* [Exercise aim] Transcribe exactly the lines from the top of the records below through the line that holds "当使用鳞片硬化抵挡到一次伤害", both included, with no pictures.

* [Data]
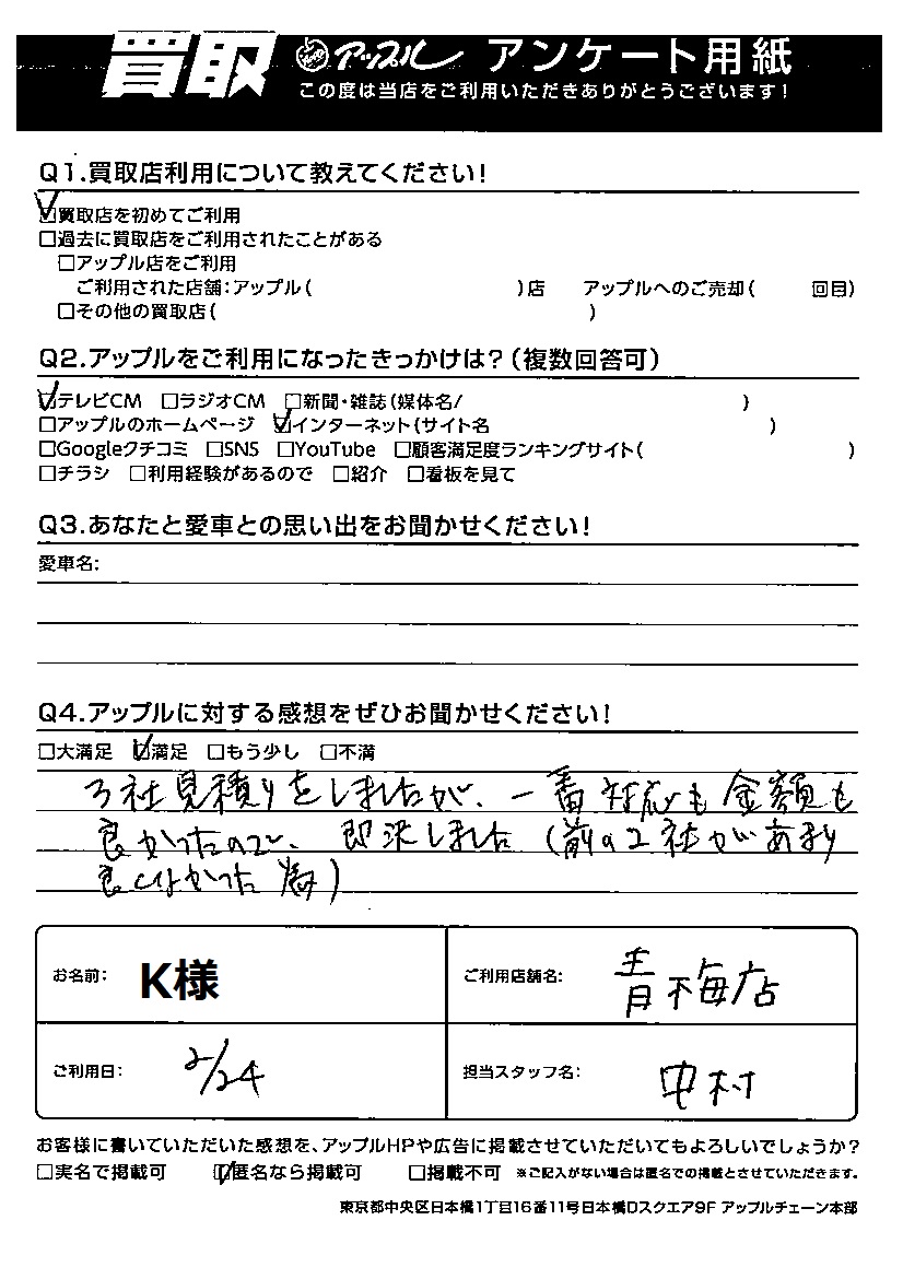 3社見積もりをしましたが、一番対応も金額も良かったので
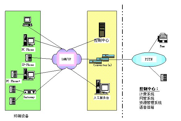 控制中心:包括資源管理系統(tǒng)、計費系統(tǒng)、網管系統(tǒng)、語音信箱。 其中,資源管理系統(tǒng)主要執(zhí)行地址翻譯、權限控制、路由管理等功能;計費系統(tǒng)主要完成計費及結算功能;網管系統(tǒng)完成對網絡及IP
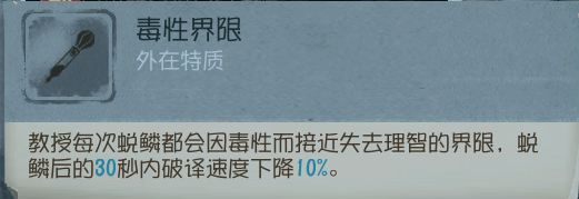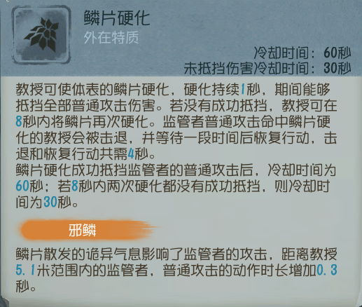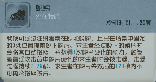 当使用鳞片硬化抵挡到一次伤害后会击退监管者,击退和恢复行动共需要4秒,这个时间已经足够转点了。教授的硬化只能持续1秒钟,要在监管者普通攻击时使用技能保护自己,容错率相对比较低,并且教授没有像病患和杂技那样可以拉开距离的道具,只能在板窗进行牵制不能依靠拉点牵制,因此对自身的牵制基本功与操作有一定要求。
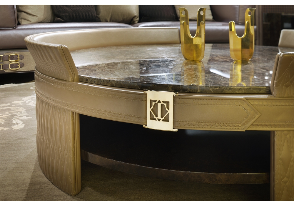 Numero Tre designed by Roberto Serio for Turri is a round coffee table with structure in MDF, solid wood, plywood and particle board panels with hand-decorated glossy polyester finish. Upholstery in embroidered leather and top in marble or wood.
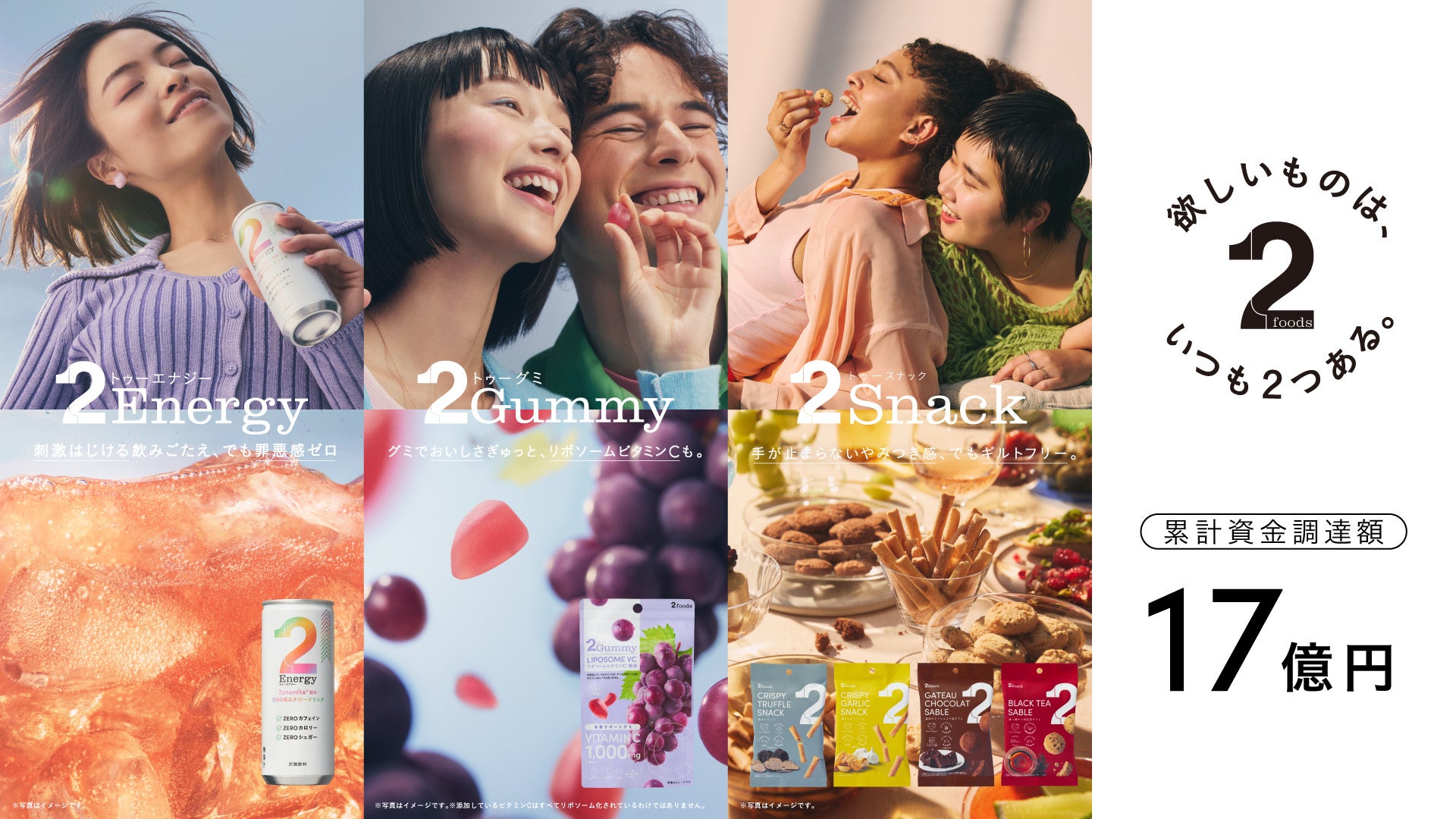 同社の代表商品には、日本初のリポソームビタミンCを配合したグミ「2Gummy LIPOSOME VC」、カフェイン量に着目したゼロカフェインエナジードリンク「2Energy」、やみつきになるおいしさとギルトフリーを両立したスナック「2Snack」などがあります。今回調達した資金は主に、「2foods」のブランディング、既存商品拡販のためのマーケティング、新商品開発など、さらなる事業展開を加速していくために充当する予定です。
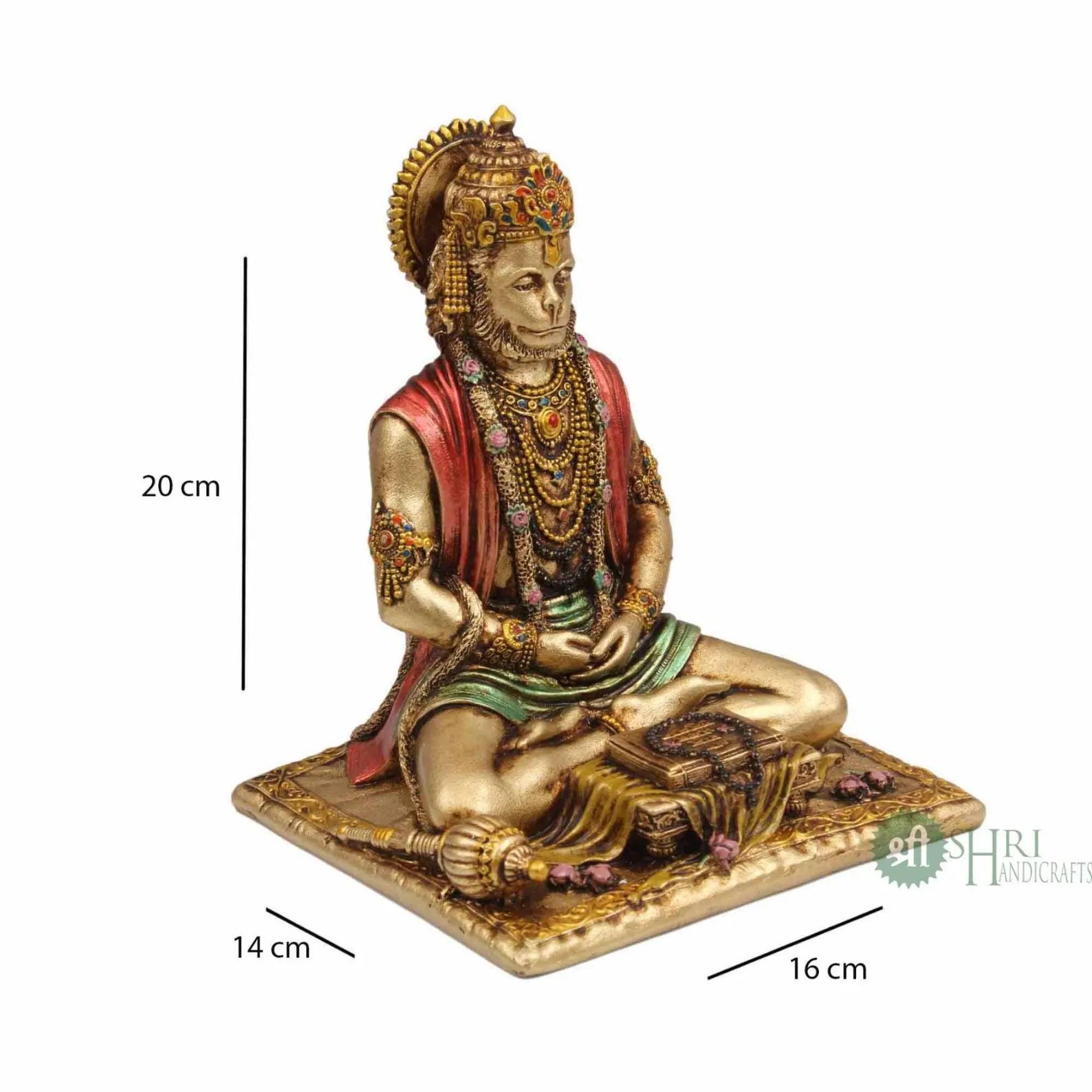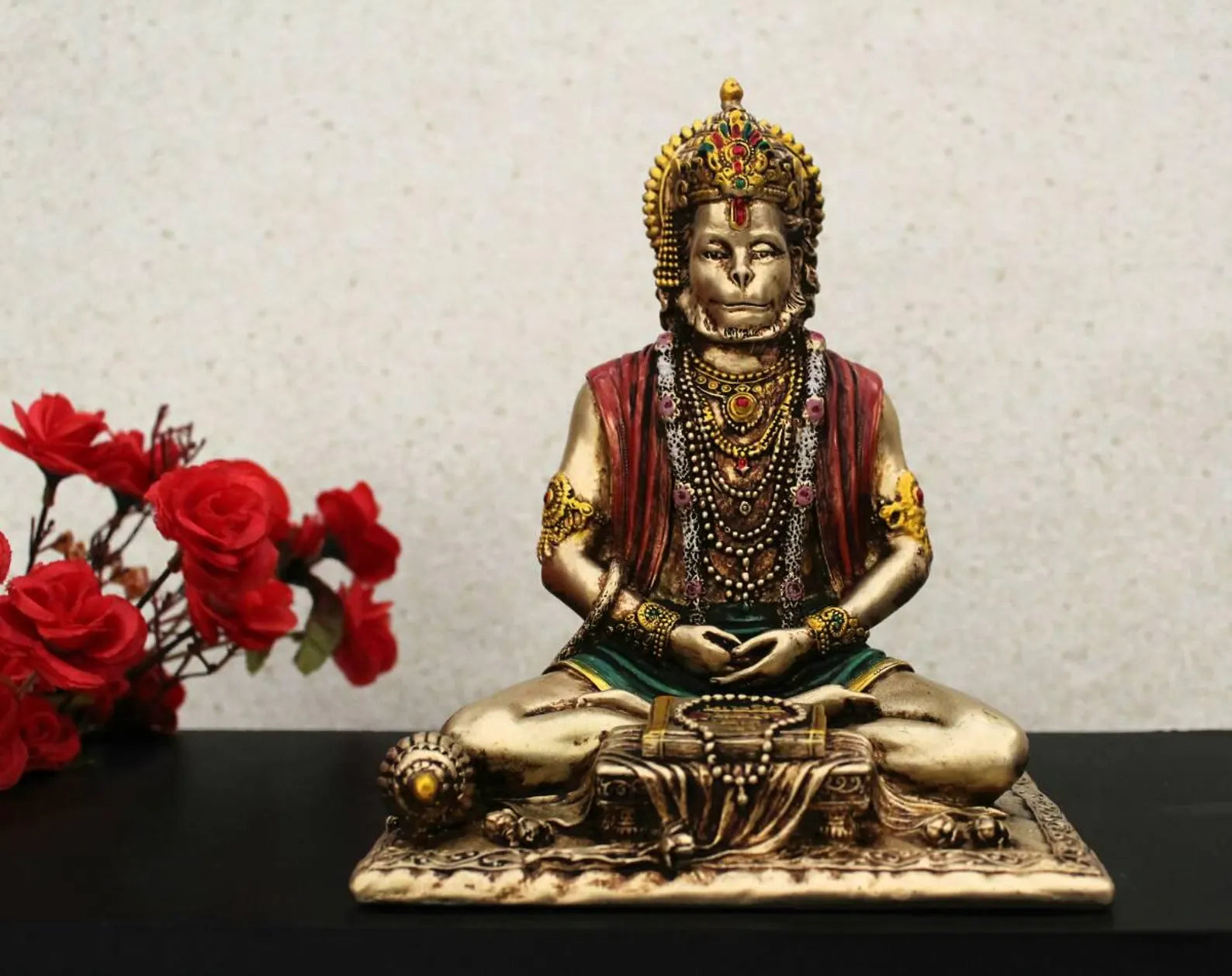 Trendia brings to you a remarkable Hanuman Ji idol made of resin, seated in meditation. The Hanuman showpiece boasts intricate detailing and hand-painted colored accents on a rustic golden surface, creating an aura of divinity and tranquility. More than just a showpiece, this Hanuman idol embodies strength, devotion, and spirituality, making it a treasured addition to your sacred space, a symbol of unwavering faith and blessings.
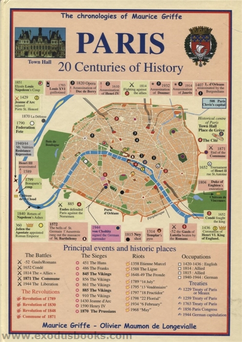 It is very difficult to talk of the history of Paris without bringing in the history of France, because they are linked. Even in selecting events specific to the capital, one is soon side-tracked. As for the subjects, they are so many and varied that it is not easy to classify them. A time scale being uniform, it was necessary for the periods when many things happened (from the Revolution of 1789 onwards), to enlarge the scale. This zoom from 1786 to 2002 follows (see composition of the document). This chronology has no other aim than to follow the evolution of Lutetia to become the Paris of 2000, and its historic sequence. Let's dream about this prestigious past, a world heirloom. The many and magnificent books about Paris are indispensable.
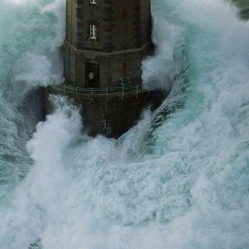 Fransada’ki Mare denizfeneri görevlisini cesareti akıl alır gibi değil, o dev dalgalar arasında soğukkanlı duruşu dikkat çekiyor.
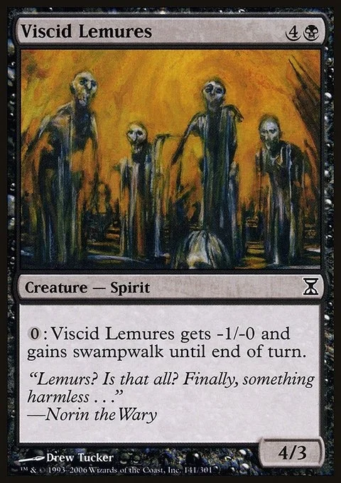 {0}: Viscid Lemures gets -1/-0 and gains swampwalk until end of turn. (It can't be blocked as long as defending player controls a Swamp.)
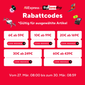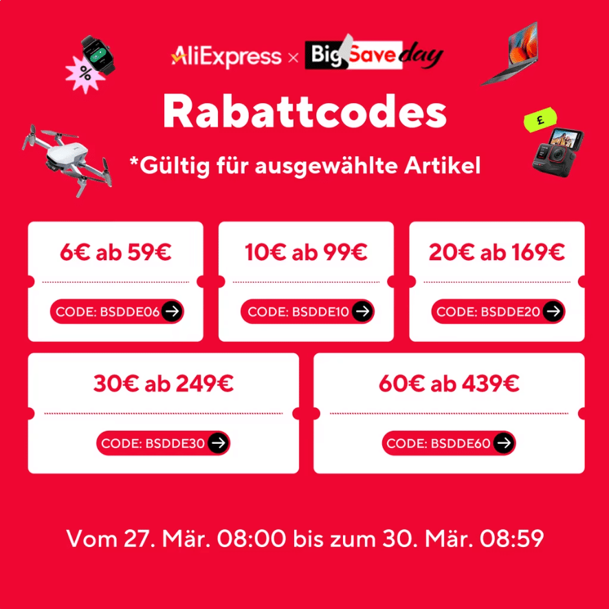 Mit den unten stehenden exklusiven Gutscheinen könnt ihr noch mehr sparen! Bei AliExpress gibt es bereits jetzt einige attraktive Angebote, insbesondere bei den Smartphones, für die die Gutscheine jedoch eh nicht gültig sind.

* [Written response]
 3社見積もりをしましたが、一番対応も金額も良かったので
 控制中心:包括資源管理系統(tǒng)、計費系統(tǒng)、網管系統(tǒng)、語音信箱。 其中,資源管理系統(tǒng)主要執(zhí)行地址翻譯、權限控制、路由管理等功能;計費系統(tǒng)主要完成計費及結算功能;網管系統(tǒng)完成對網絡及IP
 当使用鳞片硬化抵挡到一次伤害后会击退监管者,击退和恢复行动共需要4秒,这个时间已经足够转点了。教授的硬化只能持续1秒钟,要在监管者普通攻击时使用技能保护自己,容错率相对比较低,并且教授没有像病患和杂技那样可以拉开距离的道具,只能在板窗进行牵制不能依靠拉点牵制,因此对自身的牵制基本功与操作有一定要求。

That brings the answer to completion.